Arriving at Mom’s, I used my key to let myself in. The house was unusually quiet as I made my way back to the kitchen. There was no sign of my mother, but I saw a light in Callie’s room and could hear soft music playing.
I opened the door and my heart skipped a beat when I saw Allison lying on the bed with Callie.
Her face turned red when she saw me, but she immediately put her finger to her mouth signaling me to be quiet. Callie was fast asleep next to her and Allison slipped away quietly to join me in the hallway, closing the door to Callie’s room behind her.
“Cedric, what are you doing here?” she whispered in surprise.
I wished I could have made myself disappear into thin air before saying, “I could ask the same of you…is everything okay, where’s my mother?”
Allison’s face seemed to lose all of its coloring.
“She had to bring some stuff to her aunt Evelyn in the nursing home. She called me over because Callie is sick and her other therapist cancelled. I had to cancel working with Lucas, but it’s fine, they were able to fill his shift with someone else. I would rather be here for her. She has a slight fever, but she’s okay. How are you feeling?”
“My poor sister. I’m much better, actually. I just got in from New York.” I fake smiled, hoping to keep talk of my lies to a minimum.
Allison didn’t return my smile and looked down. “I am glad to hear that you’re better.”
I stared at her in awe for a few seconds, still a bit shocked to have found her here instead of my mother, then immediately lost all control and embraced her, breathing her in.
God, I had missed her.
I leaned in to kiss her but my heart sank when she abruptly pushed me back.
“Were you just coming to visit your mother?”
I realized how crappy it looked that I supposedly didn’t have time to see her this week with my workload, yet the first person I came to visit when I got back was my mother whom she knew rarely saw me anyway. I felt like an asshole.
I was an asshole.
“Yeah, I just hadn’t heard from her in a while and wanted to check in,” I said.
There was a bit of an awkward silence and Allison searched my eyes. The look on her face proved she knew something was off with me.
“I see,” she said coldly.
Feeling like my world was crumbling around me, I grabbed her hand.

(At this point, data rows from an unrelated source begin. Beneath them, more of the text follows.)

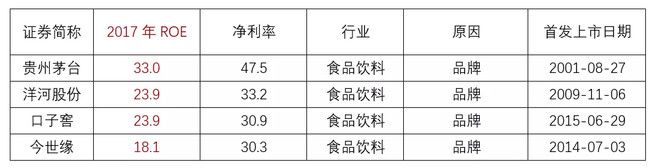 第二种是品牌。品牌带来高净利率,我国消费品上市公司里,凭借品牌获取高净利率的很少,毕竟中国人习惯西方人的奢侈品。但是我们有白酒,有四家白酒公司凭借着高净利率进入了高ROE榜单,分别为贵州茅台、洋河股份、口子窖和今世缘,净利率分别为47.5%、33.2%、30.9%和30.3%,真的是你们有奢侈品,我们有白酒。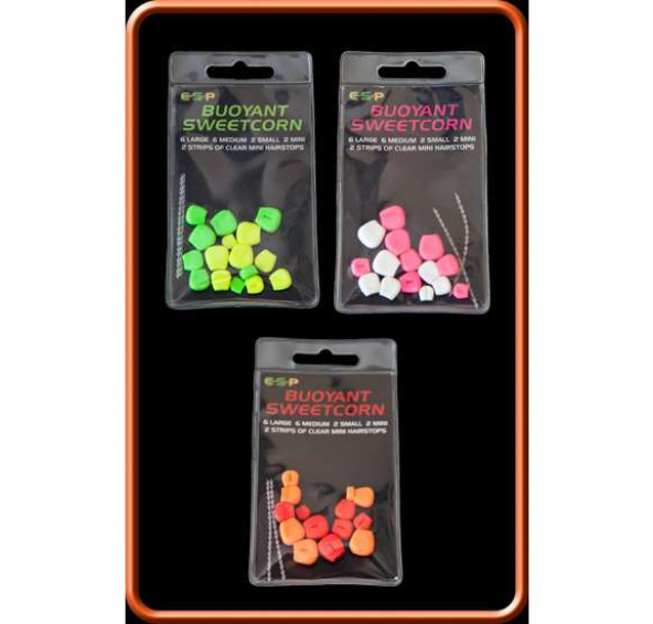 ESP umělá plovoucí kukuřice- Má velký počet zrn v balení a to 16ks (6 velkých, 6 středních, 2 malé a 2 mini kukuřice) + 2 proužky ESP zarážek pro kukuřici. Novinkou u těchto kukuřic jsou speciální drážky, do kterých dokonale zapadnou zarážky, které nám zabraňují stažení či spadnutí zrn. Tyto drážky jsou buď na konci, nebo v prostředku zrna a to proto, abychom mohli vytvářet různé kombinace, při jejich nastražování. Toto vybrání a zarážky sedí téměř v jedné rovině s povrchem kukuřice, které vypadá nejen velmi elegantně, ale také skutečně pomáhají při lovu ve vodách, kde se nacházejí zlodějské ryby a je jim zdaleka obtížnější ukrást naši návnadu. Jsou k dispozici také klasická zrna bez žlábků.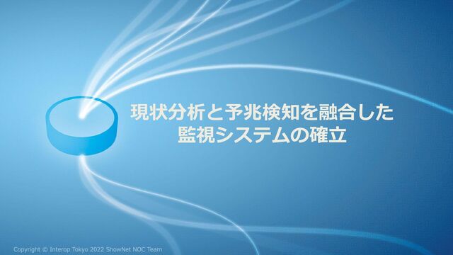 2022年からの挑戦 現状分析と予兆検知を融合した監視システムの確立 現状分析 xFlow,SNMP,Syslog 詳細分析 パケット解析 経路解析 エージェントベース監視 フィードフォワード 障害予測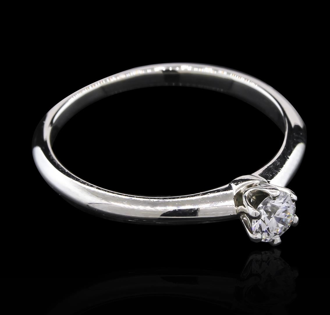 One platinum Tiffany & Co. diamond solitaire ring. Diamond Info - Shape: Round. Diamond size: 0.19ct. Clarity: VS-2. Color: I. The total weight of the ring is 2.70 grams. Comes with Tiffany & Co. inner and outer box.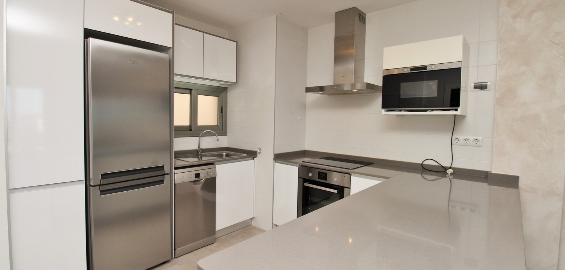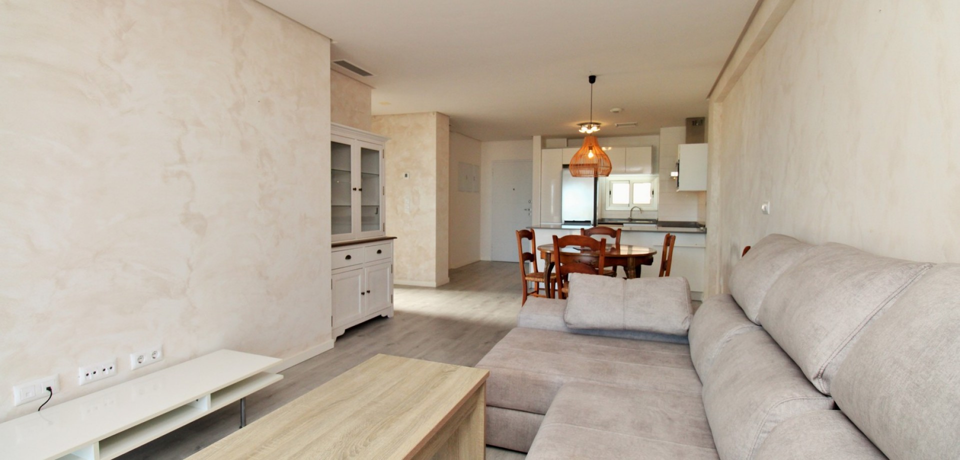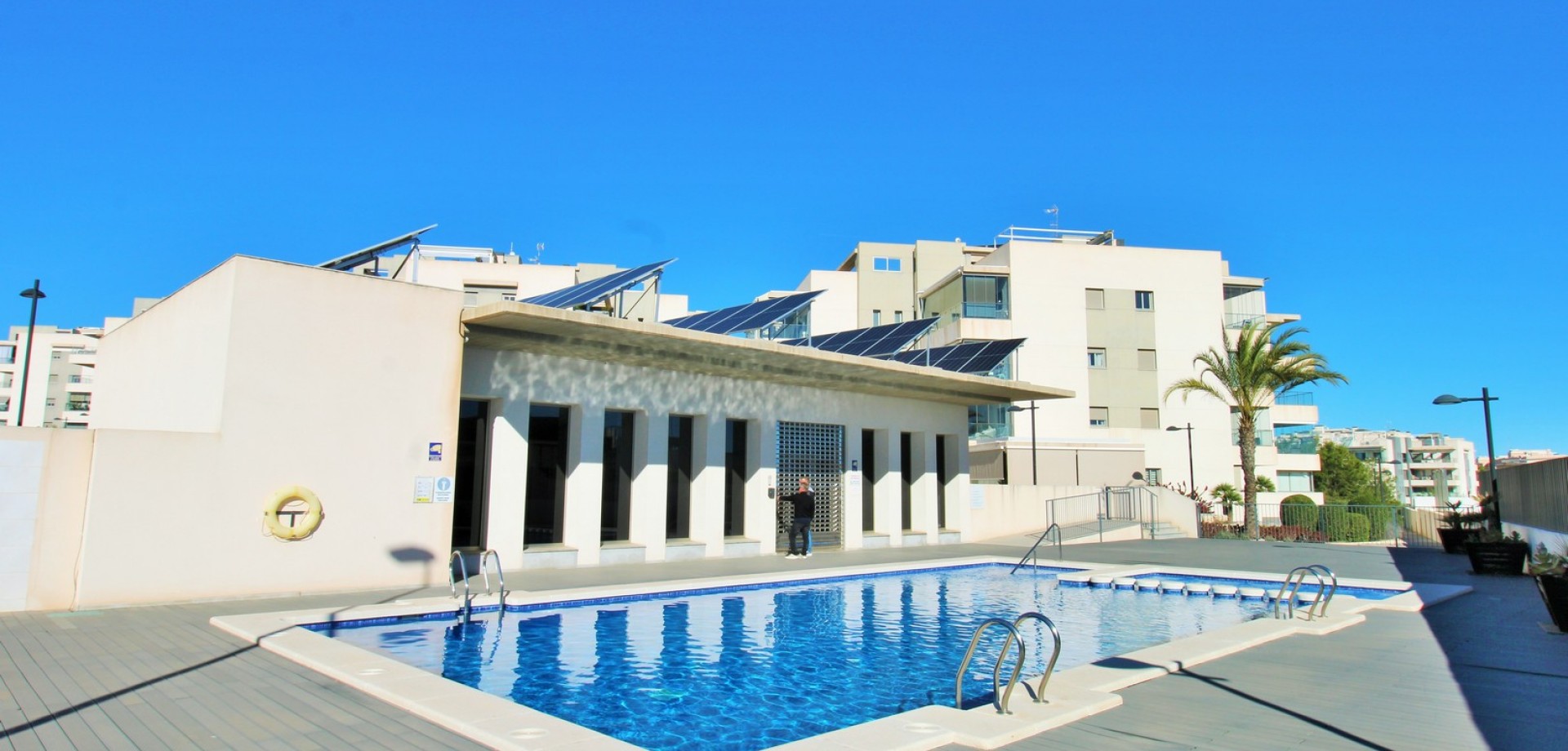 This stunning East-facing penthouse apartment is located in the highly sought-after Altos del Mediterráneo complex in Los Dolses, offering exceptional views of the Mediterranean Sea and the Mar Menor. Situated in Block 3 with convenient lift access, the property stands out for its modern design, fantastic outdoor spaces, and unbeatable proximity to local amenities. The interior comprises a bright and spacious lounge-dining area with an open-plan modern kitchen, two double bedrooms with fitted wardrobes, and two contemporary bathrooms, including an en-suite for the master bedroom. Both the lounge and master bedroom offer direct access to a sunny East-facing balcony fitted with glass curtains, perfect for enjoying the views all year round. From the balcony, an external staircase leads to the impressive private roof solarium, boasting panoramic views towards the sea, Mar Menor, La Manga, and the surrounding coastline. The solarium also features a storage room, ideal for outdoor furniture, beach gear, or personal belongings. The property includes a dedicated parking space inside the gated community, along with beautifully maintained communal areas and access to premium facilities — outdoor swimming pool, indoor heated pool, gym, sauna, and green areas. Located just a stone’s throw from a supermarket, shops, bars, restaurants, and a bus stop, the property is also within walking distance of Zenia Boulevard, Villamartin Plaza, and Villamartin Golf. An outstanding option for permanent living, holidays, or rental investment in one of the Orihuela Costa’s most desirable modern developments.

“Allison…what’s wrong…talk to me,” I whispered, my voice breaking up.
“Nothing, Cedric. I am just surprised to see you, is all. You said you still felt a little under the weather when we spoke this morning when you were in New York and you texted me that you’d be working late into the night after you got back. Then, you show up here, certainly not working and you seem absolutely fine. I wonder if there is something you are not telling me?”
I seriously wanted to shit my pants.
Sounding like an idiot, I tried to buy more time before responding. “What do you mean?”
Allison’s face suddenly turned a shade of red I had never seen before and her breathing was so rapid, her chest rose up and down visibly. I knew she caught me in my lie and I began to imagine that this horrid look she was giving me now would be only a fraction of the pain she would feel when I told her the whole truth.
I needed to go.
I couldn’t do this anymore.
I loved her too much to go any deeper into this relationship.
I can’t lie to her anymore.
Then she floored me with her next question, as her eyes began to water.
“Is there someone else, Cedric?”
I stared at her in silence. My heart was exploding out of my chest and I felt my eyes begin to well up. The love I felt for this woman was indescribable and yet, I looked her dead straight in the eyes and lied through my teeth one last time as my breath hitched and my voice shook.
“Yes…yes, there is.”
Allison stared at me frozen in shock as tears fell down her cheeks. My hand trembled as I struggled to hold it in place to stop it from rising to wipe her tears away, something I desperately wanted to do, but couldn’t allow myself to. I had no idea what to do or say and just stayed there watching her cry as my own tears began to fall visibly.